= Beginning of Section =
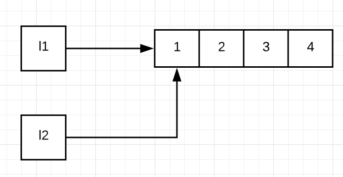 这里l1和l2先是同时指向值为[1, 2, 3]的列表。不过,由于列表可变,执行append()函数,对其末尾加入新元素4时,变量l1和l2的值也都随之改变了。
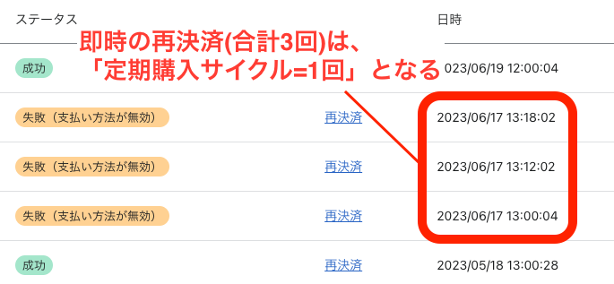 定期購買一覧では、 6分ごとのインターバルで走る即時の再決済もすべて表示されていますが、 「即時の再決済(合計3回)」は、「定期購入サイクル:1回」としてカウントされます。
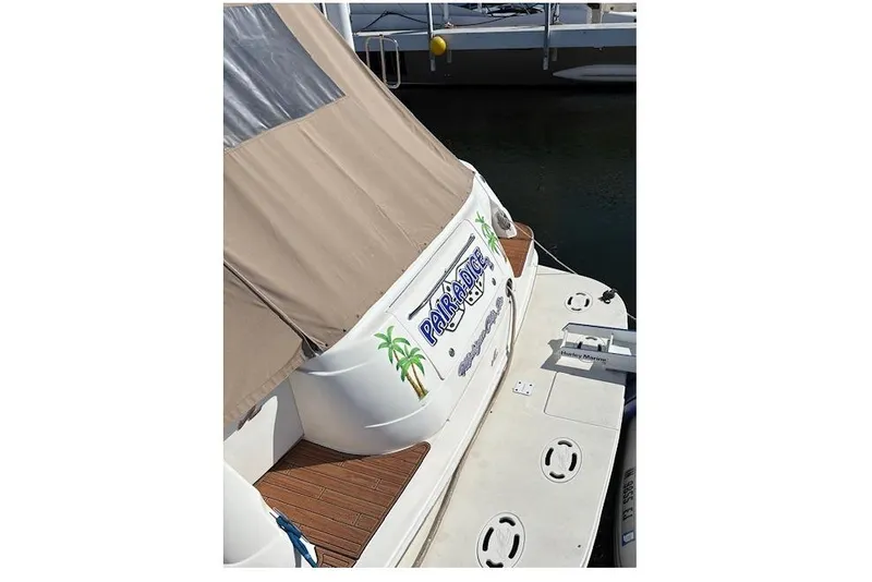 The cockpit is designed for entertaining, featuring wraparound seating, a large U‑shaped lounge, wet bar, and easy access to the swim platform. Below deck, the cabin feels open and inviting thanks to its generous headroom, rich cherry cabinetry, and well‑planned layout. The salon includes a large, curved sofa, full galley with solid‑surface countertops, and abundant storage. Two private staterooms-each with its own head-provide comfortable accommodations for family or guests.
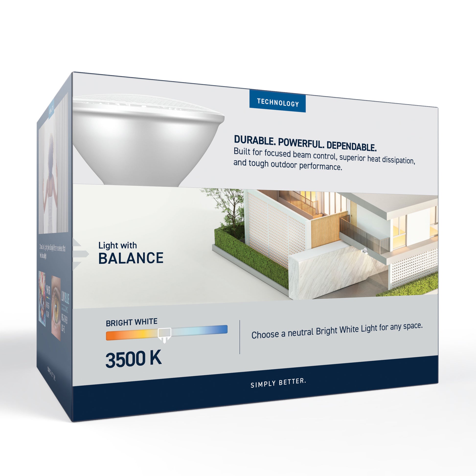 Upgrade your lighting game with our PAR38 Bright White LED Bulb, designed to deliver balanced efficiency with every Lumen. Emitting a Bright White light (3500K), this bulb strikes a perfect balance between comfort and vibrance, perfect for any space inside or outside. Low Blue technology filters out harsh blue light that can cause eye strain, headaches, and disrupt sleep. With a remarkable 90+ Color Rendering Index (CRI), colors appear more vivid and true-to-life, enhancing the beauty of your home’s décor and making everything look its best. Built to last with an impressive 25,000-hour lifespan, this energy-efficient LED saves you money and time, reducing replacements and energy costs compared to traditional 90W incandescent bulbs. Featuring a medium E26 base, it’s compatible with most fixtures, making upgrades effortless. The bulb's dimmable design lets you set the mood with a flick of your wall switch, whether it’s on your patio, in the garage, or lighting up the foyer. Illuminate your world with a bulb that combines comfort, clarity, and reliability in one brilliant package.
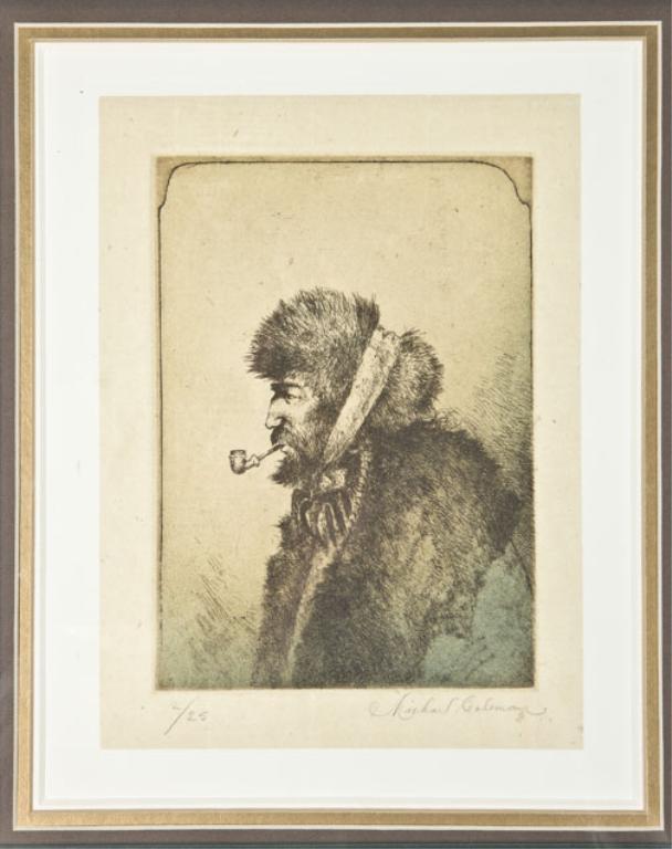 Pair of hand-pulled original etchings by noted western artist Michael Coleman of trappers. Both hand-signed and numbered 2 of 25, colored by artist. Measuring approx. 8”h by 6”w (artwork). Nicely framed and matted.Est: $750 - $1,500
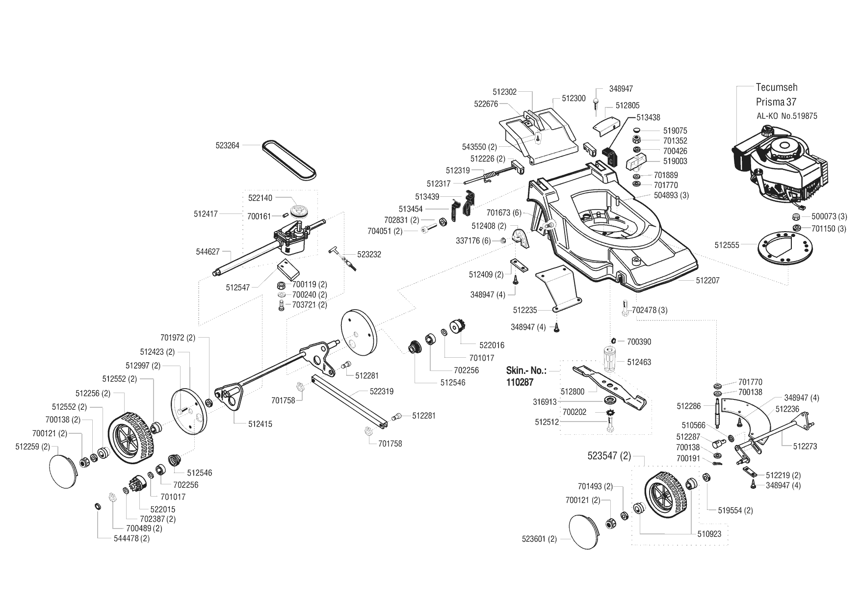 Zeichnungen von Ginge Benzinrasenmäher P 461 mit der Geräte-Artikelnr. 117274:
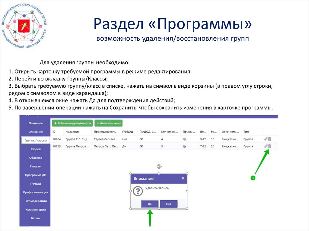 Раздел «Программы»возможность удаления/восстановления групп
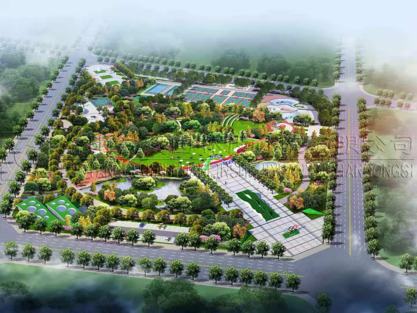 設(shè)計依托城市規(guī)劃的總體定位,“以健身運動為主,集體育、健身、休閑、娛樂為一體的開放性公園綠地”以足球、籃球、羽毛球、網(wǎng)球、排球、門球、健身路徑等露天戶外運動項目為主。
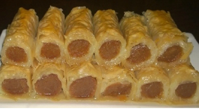 Земете правоаголна тепсија, наредете 4-5 кори една врз друга и премачкајте ги со путер. Потоа распоредете фил и свиткајте како ролат.
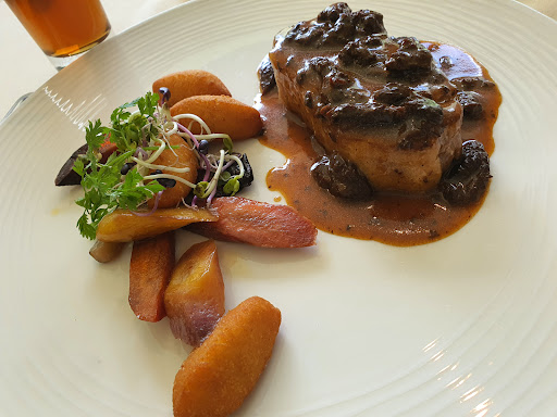 J'y ai mangĂ© le midi 12 aoĂ»t 2025 pour une occasion spĂ©ciale avec 4 amies. Les assiettes Ă©taient parfaites. Menu du jour pour moi Ă 25francs, vitello tonnato ou tartare de bĆuf pour les autres. Le tout accompagnĂ© de salade verte (pas trĂšs bien triĂ©e) et sauce blanche "francaise" ordinaire, des frittes allumettes. Les frittes allumettes, ce n'est pas mon kif mais bon, on peut aimer. Le problĂšme c'est qu'elles sont trĂšs vite froides. On s'en est arrĂȘtĂ© lĂ au niveau dĂ©gustation. Il faisait tellement chaud dans la salle sans ventilation. Nous avions 2 petits ventilateurs personnels. Nous sommes parties au plus vite sans prendre ni dessert, ni cafĂ©. C'est trĂšs surprenant pour un Ă©tablissement qui vient d'ĂȘtre rĂ©novĂ© et qui est tout moderne. Ce fĂ»t une grosse dĂ©ception pour notre repas spĂ©cial, heureusement les assiettes servies ont Ă©tĂ© apprĂ©ciĂ©es. Le service a Ă©tĂ© un peu long. Mais c'est vrai que les serveurs on eu Ă faire avec un groupe de touristes de 16 personnes qui s'est installĂ© vers 13h. On a rassemblĂ© nos paiements et on est allĂ© Ă la caisse payer. Attention au renseignement concernant le gluten, le serveur me dit que c'est OK. J'ai du lui demander de se renseigner en cuisine. Et j'ai eu des...
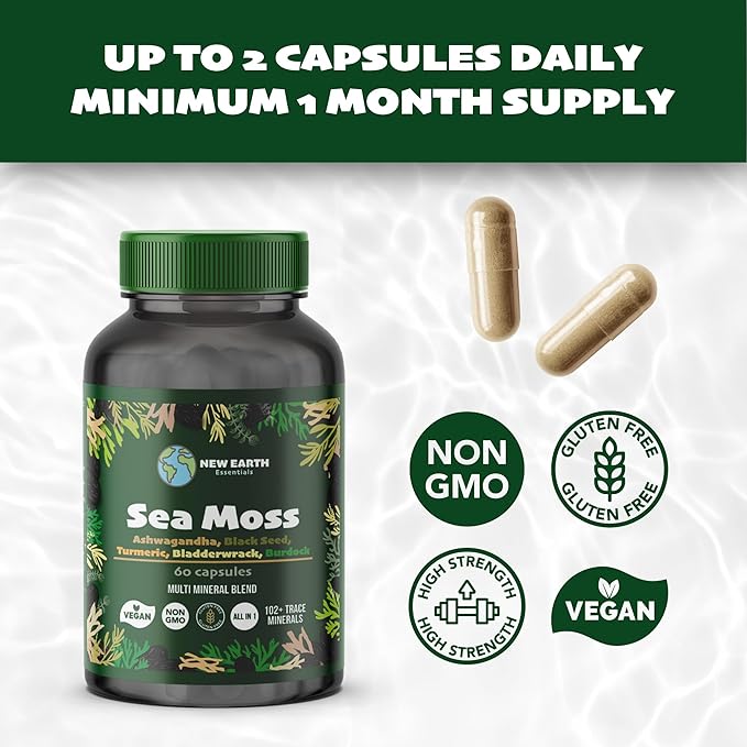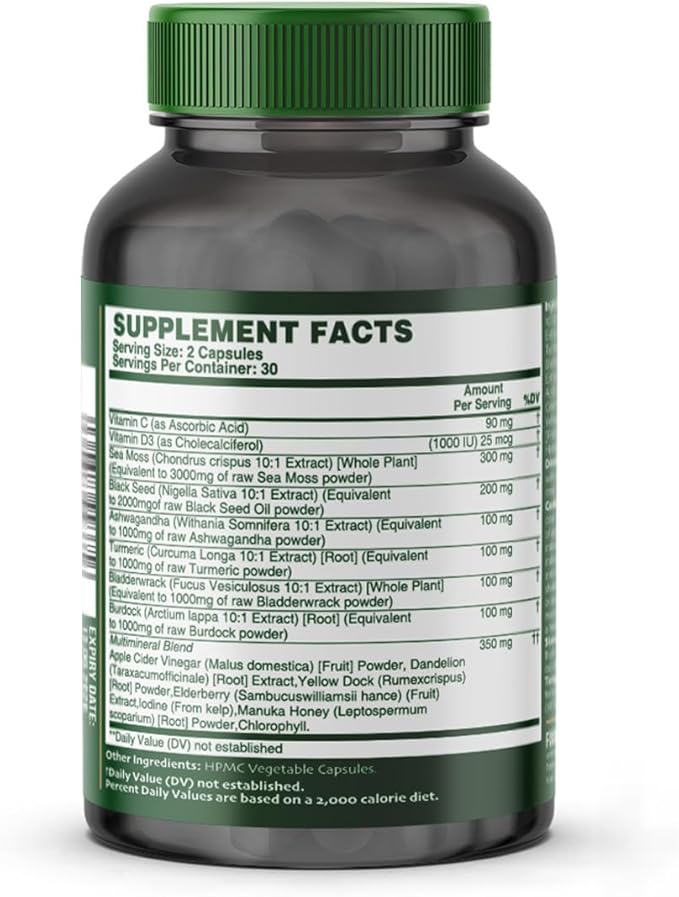- UNLOCK THE POWER OF SEA MOSS - Our Sea Moss All-in-One Capsules deliver a potent blend of Sea Moss combined with Black Seed, Ashwagandha, Turmeric, Bladderwrack, Burdock Root, and more. Each capsule is a powerhouse of nutrients designed to support your body from head to toe.
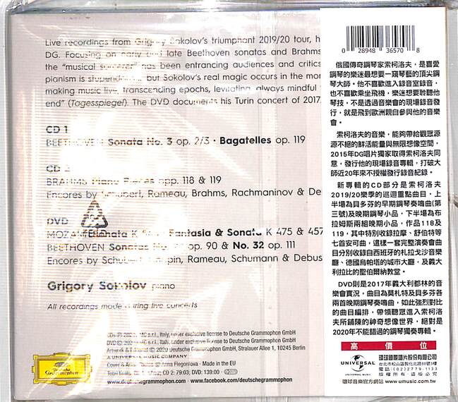 DVD則是2017年義大利都林的音樂會實況,曲目為莫札特及貝多芬各兩首晚期鋼琴奏鳴曲,如此強烈對比的曲目編排,帶領聽眾進入索柯洛夫所鋪陳的神奇想像世界,絕對是2020年不能錯過的鋼琴獨奏專輯。
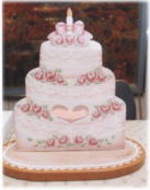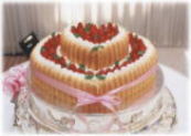 ウェディングケーキ。 ハートの二段型で、周りをビスキュィで囲んでもらいました。 上にのっているのはイチゴとミントです。 |
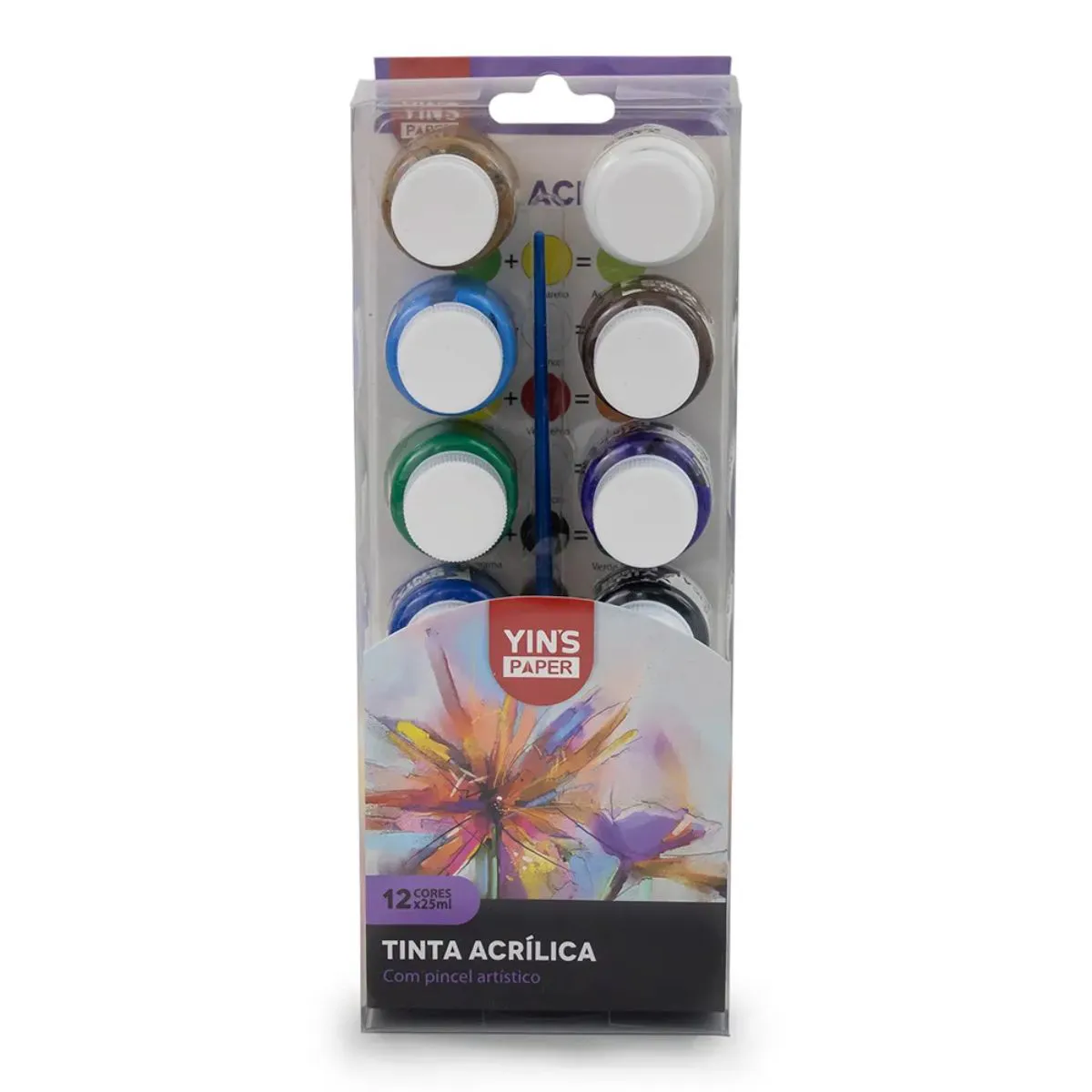 TINTA ACRILICA 12 CORES E 1 PINCEL ARTISTICO YINS PAPER
= End of Section =
Requirement => Retype all of the data above word for word, excluding the pictures.

Output below =>
 这里l1和l2先是同时指向值为[1, 2, 3]的列表。不过,由于列表可变,执行append()函数,对其末尾加入新元素4时,变量l1和l2的值也都随之改变了。
 定期購買一覧では、 6分ごとのインターバルで走る即時の再決済もすべて表示されていますが、 「即時の再決済(合計3回)」は、「定期購入サイクル:1回」としてカウントされます。
 The cockpit is designed for entertaining, featuring wraparound seating, a large U‑shaped lounge, wet bar, and easy access to the swim platform. Below deck, the cabin feels open and inviting thanks to its generous headroom, rich cherry cabinetry, and well‑planned layout. The salon includes a large, curved sofa, full galley with solid‑surface countertops, and abundant storage. Two private staterooms-each with its own head-provide comfortable accommodations for family or guests.
 Upgrade your lighting game with our PAR38 Bright White LED Bulb, designed to deliver balanced efficiency with every Lumen. Emitting a Bright White light (3500K), this bulb strikes a perfect balance between comfort and vibrance, perfect for any space inside or outside. Low Blue technology filters out harsh blue light that can cause eye strain, headaches, and disrupt sleep. With a remarkable 90+ Color Rendering Index (CRI), colors appear more vivid and true-to-life, enhancing the beauty of your home’s décor and making everything look its best. Built to last with an impressive 25,000-hour lifespan, this energy-efficient LED saves you money and time, reducing replacements and energy costs compared to traditional 90W incandescent bulbs. Featuring a medium E26 base, it’s compatible with most fixtures, making upgrades effortless. The bulb's dimmable design lets you set the mood with a flick of your wall switch, whether it’s on your patio, in the garage, or lighting up the foyer. Illuminate your world with a bulb that combines comfort, clarity, and reliability in one brilliant package.
 Pair of hand-pulled original etchings by noted western artist Michael Coleman of trappers. Both hand-signed and numbered 2 of 25, colored by artist. Measuring approx. 8”h by 6”w (artwork). Nicely framed and matted.Est: $750 - $1,500
 Zeichnungen von Ginge Benzinrasenmäher P 461 mit der Geräte-Artikelnr. 117274:
 Раздел «Программы»возможность удаления/восстановления групп
 設(shè)計依托城市規(guī)劃的總體定位,“以健身運動為主,集體育、健身、休閑、娛樂為一體的開放性公園綠地”以足球、籃球、羽毛球、網(wǎng)球、排球、門球、健身路徑等露天戶外運動項目為主。
 Земете правоаголна тепсија, наредете 4-5 кори една врз друга и премачкајте ги со путер. Потоа распоредете фил и свиткајте како ролат.
 J'y ai mangĂ© le midi 12 aoĂ»t 2025 pour une occasion spĂ©ciale avec 4 amies. Les assiettes Ă©taient parfaites. Menu du jour pour moi Ă 25francs, vitello tonnato ou tartare de bĆuf pour les autres. Le tout accompagnĂ© de salade verte (pas trĂšs bien triĂ©e) et sauce blanche "francaise" ordinaire, des frittes allumettes. Les frittes allumettes, ce n'est pas mon kif mais bon, on peut aimer. Le problĂšme c'est qu'elles sont trĂšs vite froides. On s'en est arrĂȘtĂ© lĂ au niveau dĂ©gustation. Il faisait tellement chaud dans la salle sans ventilation. Nous avions 2 petits ventilateurs personnels. Nous sommes parties au plus vite sans prendre ni dessert, ni cafĂ©. C'est trĂšs surprenant pour un Ă©tablissement qui vient d'ĂȘtre rĂ©novĂ© et qui est tout moderne. Ce fĂ»t une grosse dĂ©ception pour notre repas spĂ©cial, heureusement les assiettes servies ont Ă©tĂ© apprĂ©ciĂ©es. Le service a Ă©tĂ© un peu long. Mais c'est vrai que les serveurs on eu Ă faire avec un groupe de touristes de 16 personnes qui s'est installĂ© vers 13h. On a rassemblĂ© nos paiements et on est allĂ© Ă la caisse payer. Attention au renseignement concernant le gluten, le serveur me dit que c'est OK. J'ai du lui demander de se renseigner en cuisine. Et j'ai eu des...
- UNLOCK THE POWER OF SEA MOSS - Our Sea Moss All-in-One Capsules deliver a potent blend of Sea Moss combined with Black Seed, Ashwagandha, Turmeric, Bladderwrack, Burdock Root, and more. Each capsule is a powerhouse of nutrients designed to support your body from head to toe.
 DVD則是2017年義大利都林的音樂會實況,曲目為莫札特及貝多芬各兩首晚期鋼琴奏鳴曲,如此強烈對比的曲目編排,帶領聽眾進入索柯洛夫所鋪陳的神奇想像世界,絕對是2020年不能錯過的鋼琴獨奏專輯。
 ウェディングケーキ。 ハートの二段型で、周りをビスキュィで囲んでもらいました。 上にのっているのはイチゴとミントです。 |
 TINTA ACRILICA 12 CORES E 1 PINCEL ARTISTICO YINS PAPER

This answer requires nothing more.